En toda su vida no recibió mejor consejo. Se secó el llanto y prometió no volver a verterlo por una hombría que en el fondo no deseaba.

—Si no te enamoras, puedes llegar lejos— se despidió la mujer después de tranquilizar al padre, salvando así al muchacho de una zurra más.

Esa noche Mario habló con su madre y le contó lo sucedido.Ella buscó en lo más profundo de su armario, sustrajo un atadito de billetes arrugados y lo puso en la mano de su hijo. Con ese dinero él tomó un tren a la capital, donde consiguió emplearse haciendo el aseo en una peluquería a cambio de la comida y un jergón para pasar la noche en el mismo local. Estaba deslumbrado. No imaginaba la existencia de un mundo así: tonos claros, perfumes delicados, voces risueñas, frivolidad,calor, ocio. Miraba en los espejos las manos de las profesionales sobre las cabelleras y se maravillaba.

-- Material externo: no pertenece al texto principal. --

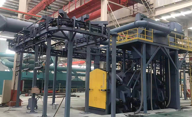 5、工件承載體采用龍門架結構,可保證工件在懸鏈吊掛下無障礙自由連續輸送,用戶可根據自己不同工件的要求隨意調整拋丸清理時間,以控制生產率與清理質量。工件可連續不斷的進行裝料、雙工位拋丸清理、卸料。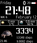 Pebble steps into the health market by providing a health monitoring. Under the cover – assuming the function is enabled in the pebble health app settings – algorithms detect steps, more vigorous movements resulting in a higher VMC value, sleep as well as restful sleep phases. Also active as well as retful calories consumption are tracked. The new Watchface provides all this data to you put into configurable graphs. It’s up to you, what values over the time are interesting for you. In particular the step count over the day is shown rated by a (funny) icon showing you e.g. a fat cat sitting in front of its TV, in case a low step count was measured. ;) In addition the weather of your current location or a preconfigured fixed location is always shown. Also the time, the date in nearly any language is provided. Russian support was added lastly.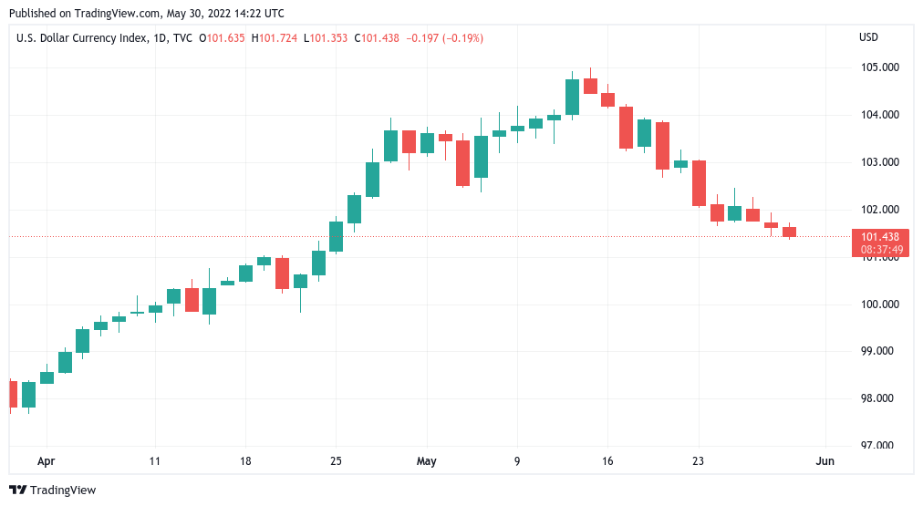 The U.S. dollar index (DXY) retreated for another day, breaking below 101.5 for the first time since late April.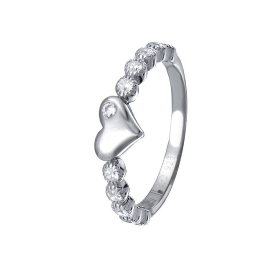 Rhodium Plated 925 Sterling Silver CZ Heart Bubble Shank Ring - STR01164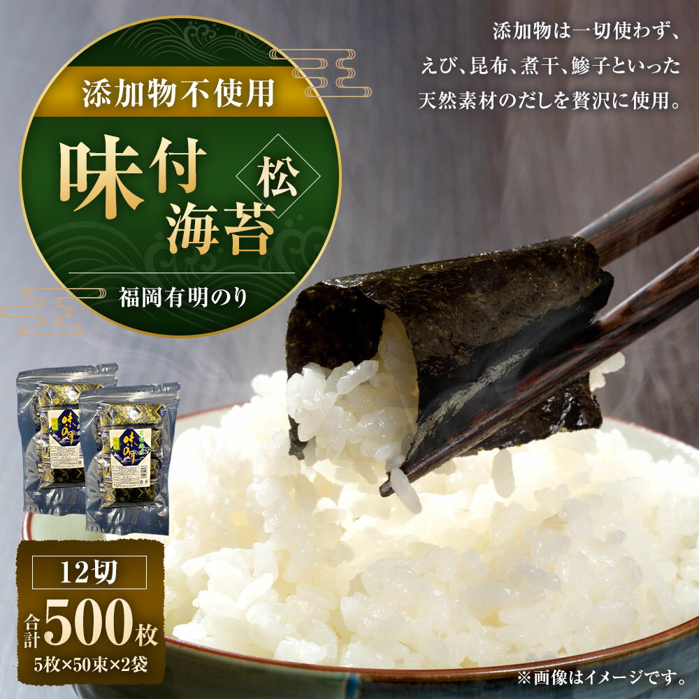 - 【ふるさと納税】【松】味付 海苔 12切り (5枚×50束×2袋) 計500枚 福岡有明のり 添加物不使用 のり あじのり ごはんのお供 おにぎり おやつ おつまみ 手巻き寿司 朝ごはん 有明海産 福岡県 大任町 送料無料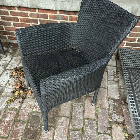 Havemøbelsæt bestående af et stort bord 1x2 meter med træbordplade og otte stole i sort flettet polyrattan.
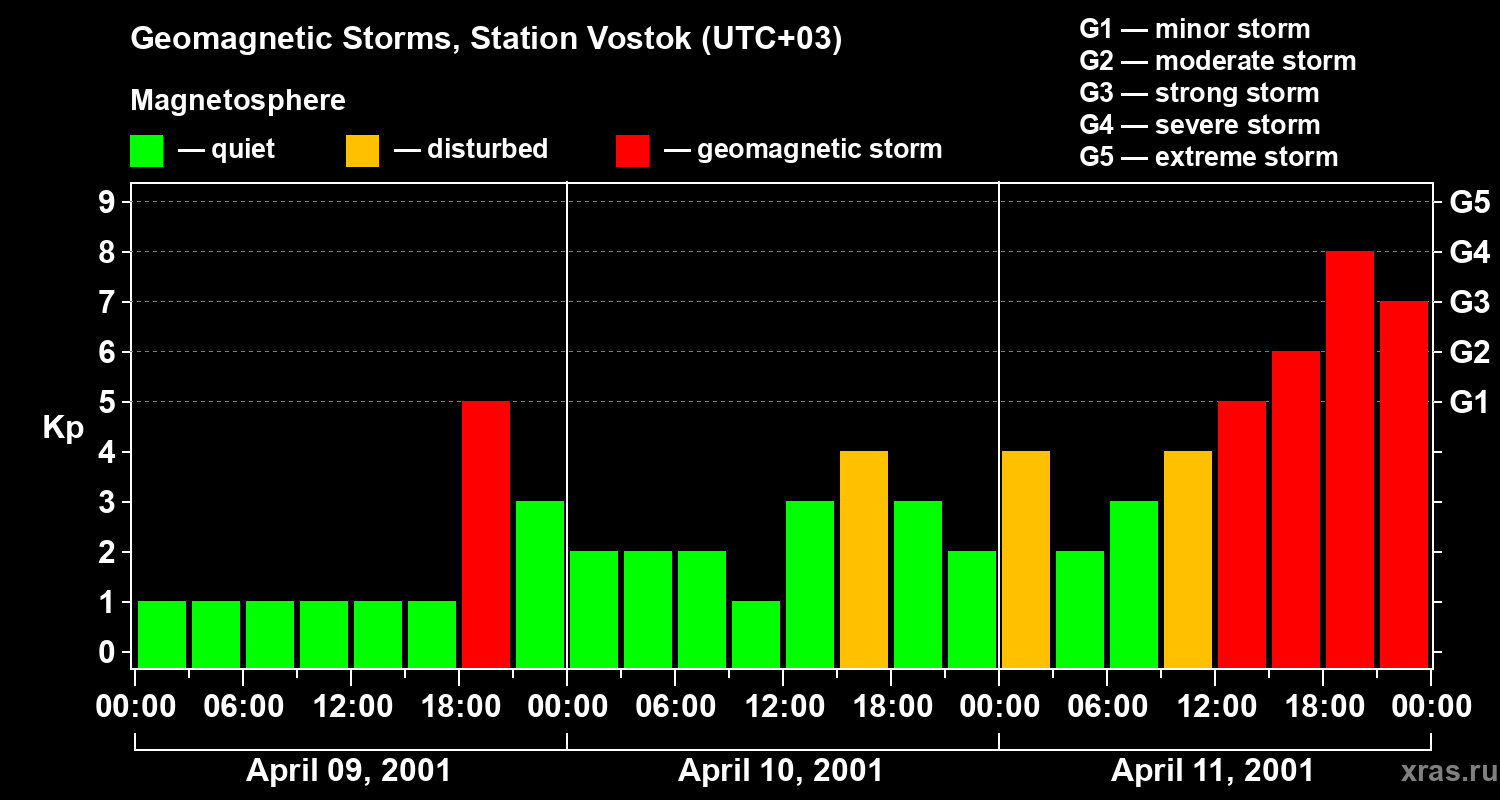 Geomagnetic storms in Station Vostok — Apr 11, 2001

Aprendió a conocer el alma femenina viendo a las mujeres sin tapujos. En las noches,al quedar solo en el salón, ensayaba peinados con las pelucas y probaba sombras,polvos, lápices en su propia cara para adiestrarse en el arte del maquillaje y así descubrió cómo mejorar un rostro mediante colores y pinceles. Pronto le permitieron ensayar con algunas clientes nuevas y a los pocos meses cortaba el cabello como nadie y las damas más exigentes reclamaban sus servicios. Era capaz de transformar a una mujer de aspecto insignificante, valiéndose del marco de un pelo vaporoso y el artificio de los cosméticos sabiamente aplicados, pero, sobre todo, podía dar a cada una la certeza de su atractivo, porque en última instancia la hermosura no es sino una actitud.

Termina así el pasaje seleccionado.